The key points of the diet (many of you will know what this is right off the bat, but it’s more fun for it to remain nameless):

1. Stay away from refined carbs – so no bread or pasta or fruit (esp. during the first 2 weeks)

2. No alcohol during the first 2 weeks; after that, wine is fine.  THANK GOD.

3. Eat lots of veggies & lean protein – that includes eggs & turkey bacon at breakfast

4. No butter, no fatty cheeses; low-fat cheeses are fine

5. No sugar or honey; artificial sweeteners are fine.  This I have trouble with because I just don’t see how artificial sweeteners are good for you.  How can they be?  In any event, they seem to be doing the trick right now.  Mix in some splenda with non-fat Greek yogurt, a little bit of vanilla or almond extract, and you have quite a yummy treat.
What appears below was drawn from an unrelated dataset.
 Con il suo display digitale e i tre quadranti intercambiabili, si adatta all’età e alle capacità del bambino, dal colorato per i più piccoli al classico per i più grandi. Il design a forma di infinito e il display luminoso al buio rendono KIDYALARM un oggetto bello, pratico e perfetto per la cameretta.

I actually think this diet seems quite reasonable and balanced, and I’m finding myself pleasantly surprised.  I’m on day 3 and I feel pretty good – definitely way, way better than I did after I pigged out at a friend’s Memorial Day BBQ…it’s indulgences like that that make me glad to be on this path right now.  I mean, super sugary sangria, heavy cheeses, guac, greasy burgers, chips & salsa galore…oh, and someone brought a chocolate-peanut dessert treat that basically tasted like a combination of 10 different delectables from the Halloween bag, all chocolate in nature.

Here is a downfall of this diet I’m on: the creator says that exercise is not key to losing weight on this particular plan.  Now, that might be true, but no exercising?  Really?  That is an absolute key ingredient of good health and is usually my excuse for allowance of excessive culinary indulgences.  I wouldn’t recommend the latter attitude towards exercise, but I think if I didn’t run as much as I do, I most definitely would be a porker.
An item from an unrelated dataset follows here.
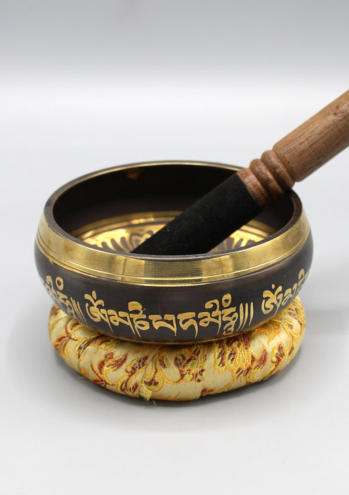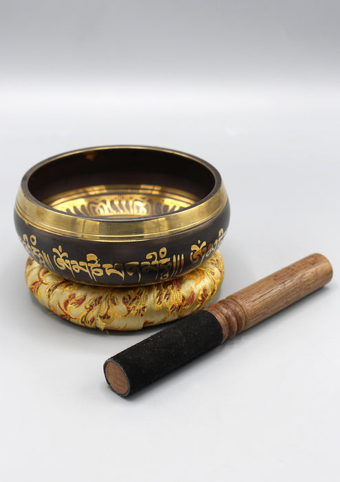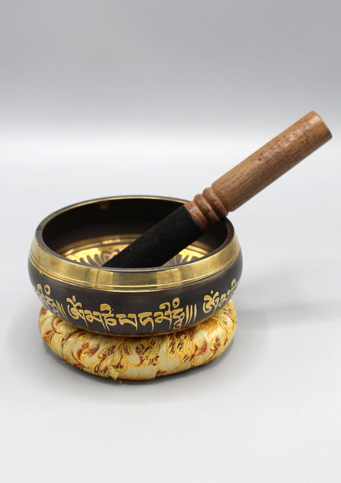 This singing bowls is etched and engraved with various symbols of Tibetan Buddhism. The engraving of double dorjee in the inner center, the etching of Om Mani Mantra and the Double Dorjee on the outer look fine and exquisite. The singing bowl comes with Ring cushion and wooden mallet.

In the last, say, 10 years of my life, I couldn’t have begun to imagine that I would be doing a diet like this.  It seems to go against my philosophy of eating, cooking, enjoying food, enjoying what the earth provides for us without much fuss or worry or obsessing or indulging our body-insecurities we probably picked up in our terribly awkward youth.  But I have to say, I’m pleased with this current – and perhaps longterm – lifestyle choice.  It seems to be reasonable & I feel pretty good.  I’m eating tons of veggies, which is great, and I haven’t had to contend with that horrible full feeling after a decadent bowl of pasta.  So my body seems to like this.

Pumpkin custard profiteroles; a holiday treat since 2002 and no, it is not an acceptable dessert on this diet I'm doing

Thanksgiving in Maine last year; what a spread! No dieters around that day, that's for sure.

I will follow-up this post with a couple homemade recipes and an update on how I feel 10 days from now…when I can FINALLY have a glass of wine.